ABOUT THIS TASK:
Using the entries below, copy exactly each line from the line with "新飞S100后门款房车上市后" up to and including the line with "in the terminal", with every picture left out.

##### DATASET EXTRACT

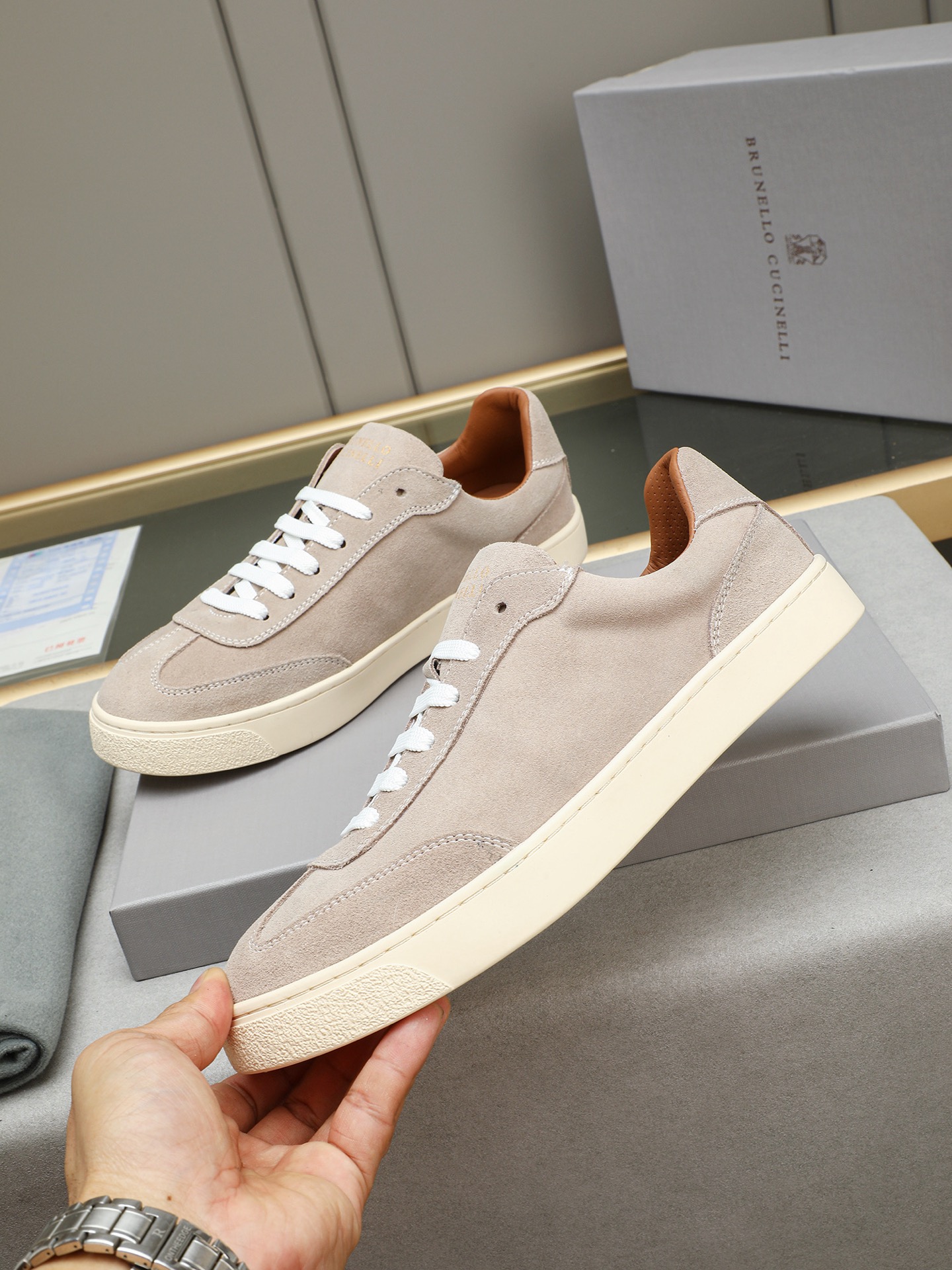 這款鞋子是AAAAA 1:1 質量(非常棒). 使用了和原版一模一樣的材料. 商標部分也保持了和Brunello Cucinelli一樣. 圖片拍攝是實物鞋子拍攝, 您所收到的實物保證和我們圖片一模一樣.
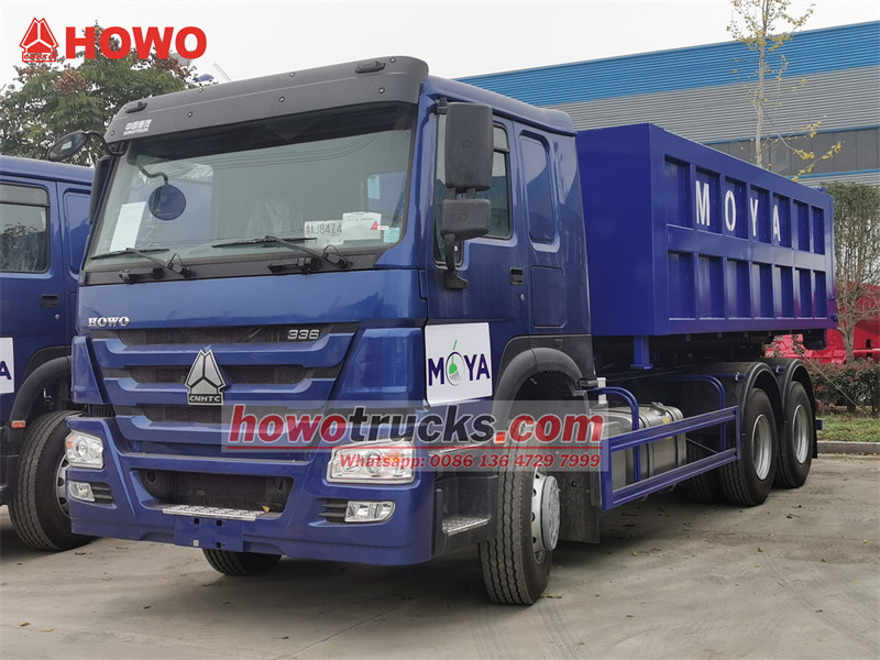 16000+16000HOWO 20tons rullarmssopbil kallas även howo kroklyftbil, Howo roll on roll off sopbil. CS TRUCKS kundanpassade tunga howo kroklyftbilar tillverkas baserade på HOWO 6x4 lastbilschassi, utrustade med WEICHAI dieselmotor med 340 hk, HW19710 manuell växellåda med 10 framåt och 2 bakåt, med effektiv effekt och låg bränsleförbrukning. HOWO-lastbilen har en stor arm med en fyrkantig struktur. Hela fordonet har ett vackert och elegant utseende. Den kan utrustas med flera soptunnor i ett fordon. Flera soptunnor kan placeras vid varje sopstation. Den har en självlossningsfunktion och är hydrauliskt manövrerad för enkel tömning. HOWO-lastbilen med lastväxlare är lämplig för alla miljöer. Användning. Låsanordningen som är utrustad på fordonet kan inte bara effektivt säkra soptunnan under transport, utan också underlätta lossning av sopor.
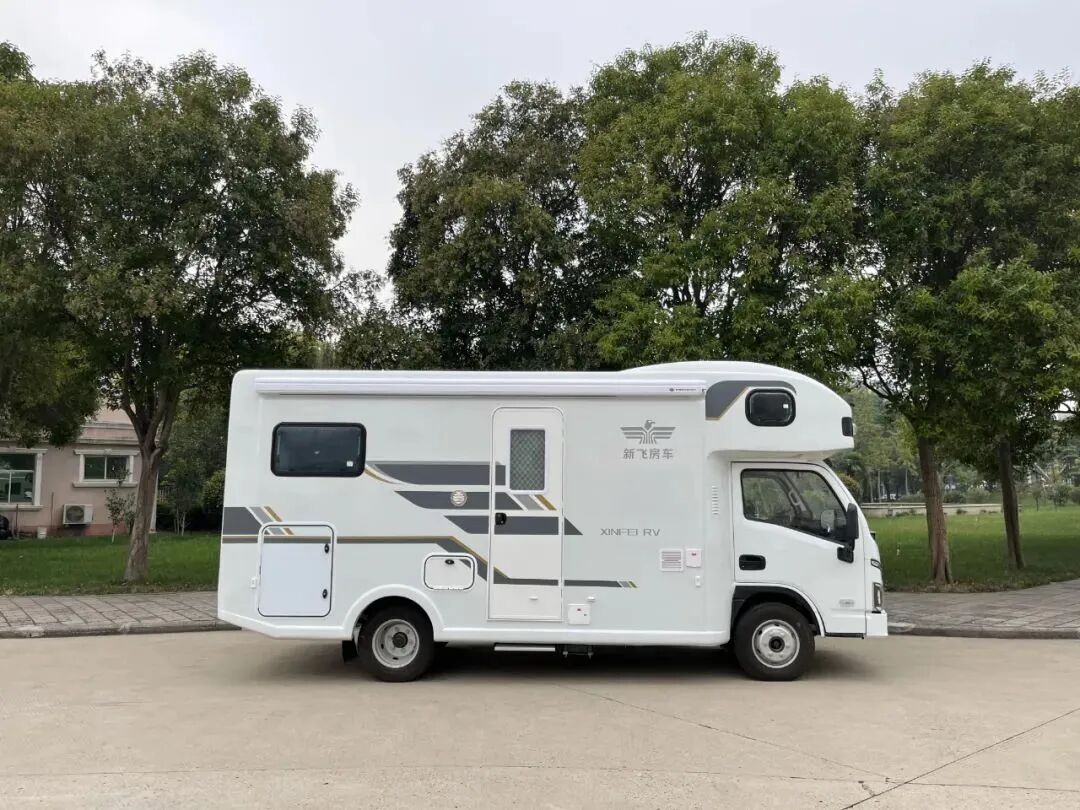 新飞S100后门款房车上市后,赢得了许多车友们的青睐,独立厨房的设计获赞不断,但美中不足的就是没有固定床位的设计,这也许多车友犹豫;因此新飞房车又出了这款新飞S100中门款房车,既保留了独立厨房,又有固定大床的全新布局,并且配置也进行了优化。
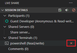 in the terminal or by clicking the Remove Terminal icon in the shared terminals list inside the Live Share viewlet.
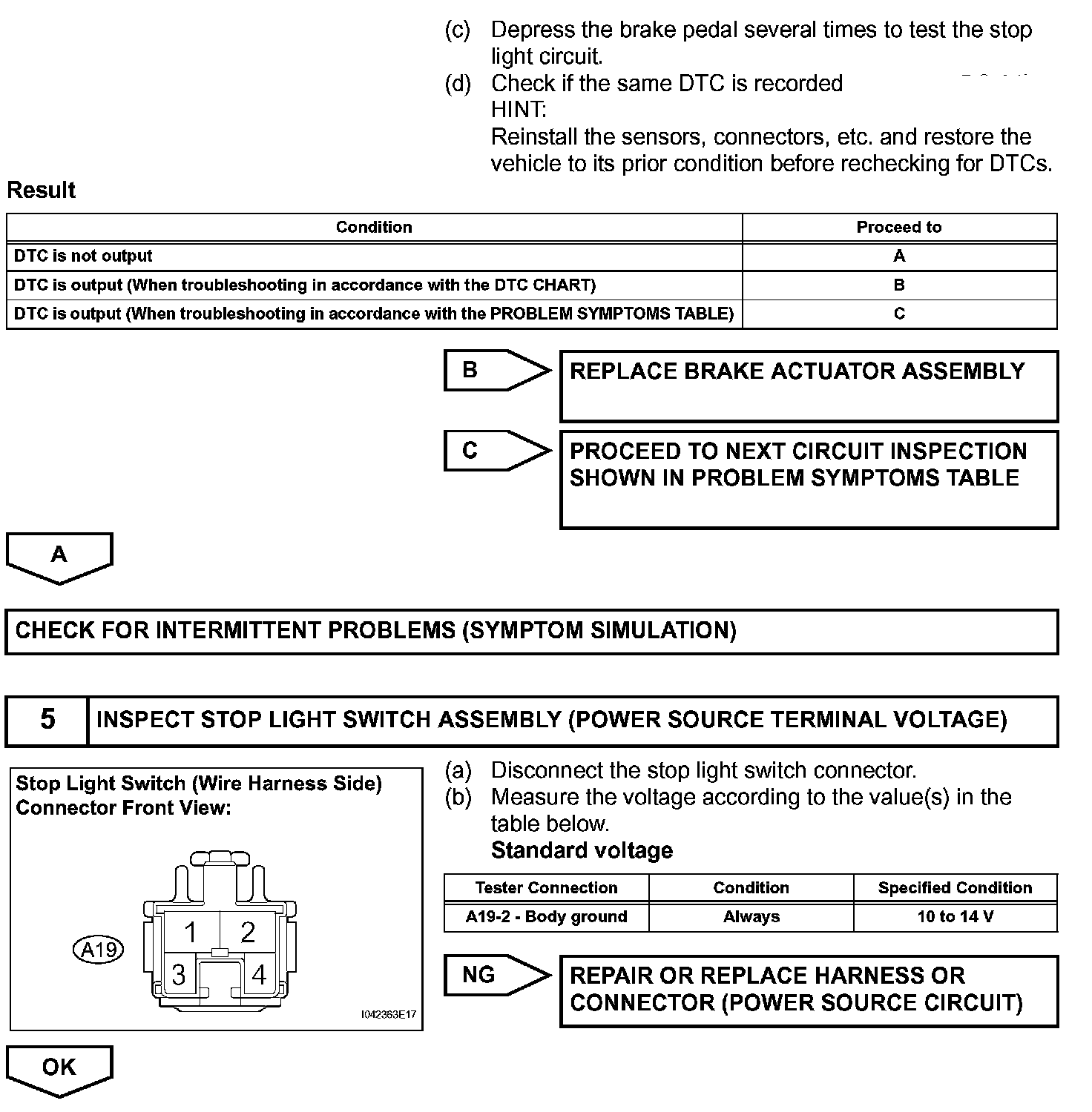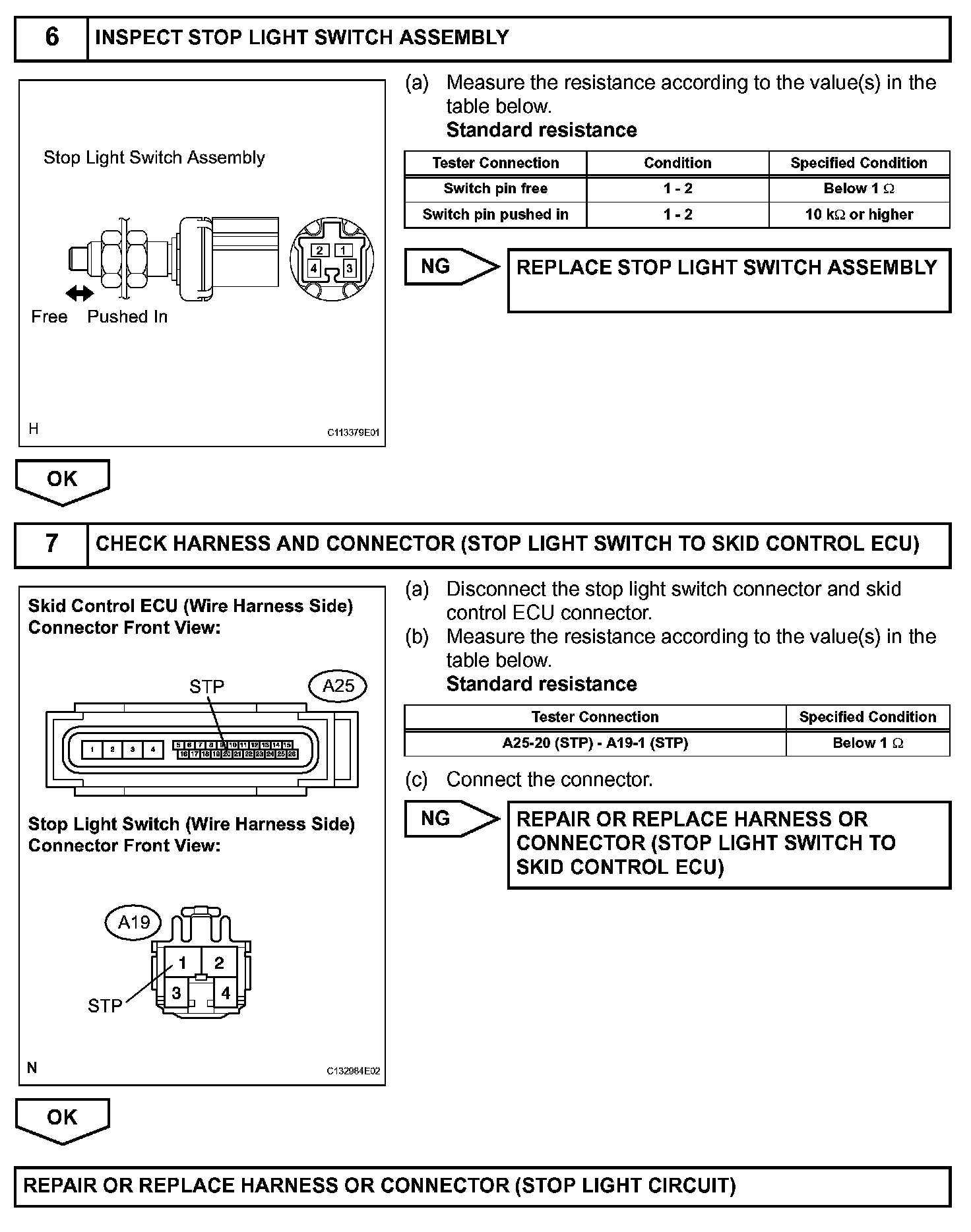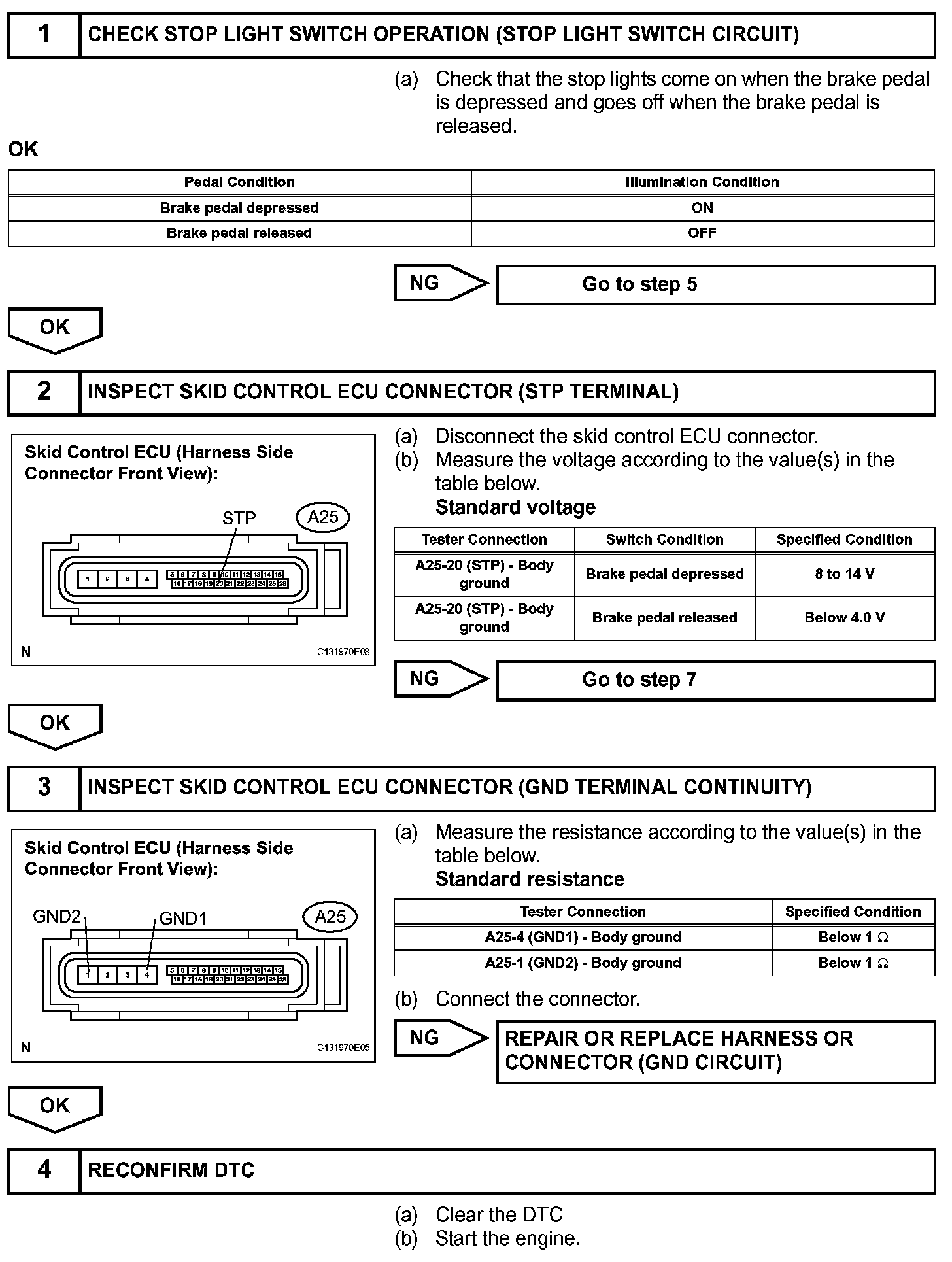 The skid control ECU has an open detection circuit, which outputs this DTC when detecting an open in the stop light signal input line (STP terminal) or the ground line of the stop light circuit with the stop light switch off (brake pedal not depressed).

##########

SOLUTION BELOW:
 新飞S100后门款房车上市后,赢得了许多车友们的青睐,独立厨房的设计获赞不断,但美中不足的就是没有固定床位的设计,这也许多车友犹豫;因此新飞房车又出了这款新飞S100中门款房车,既保留了独立厨房,又有固定大床的全新布局,并且配置也进行了优化。
 in the terminal or by clicking the Remove Terminal icon in the shared terminals list inside the Live Share viewlet.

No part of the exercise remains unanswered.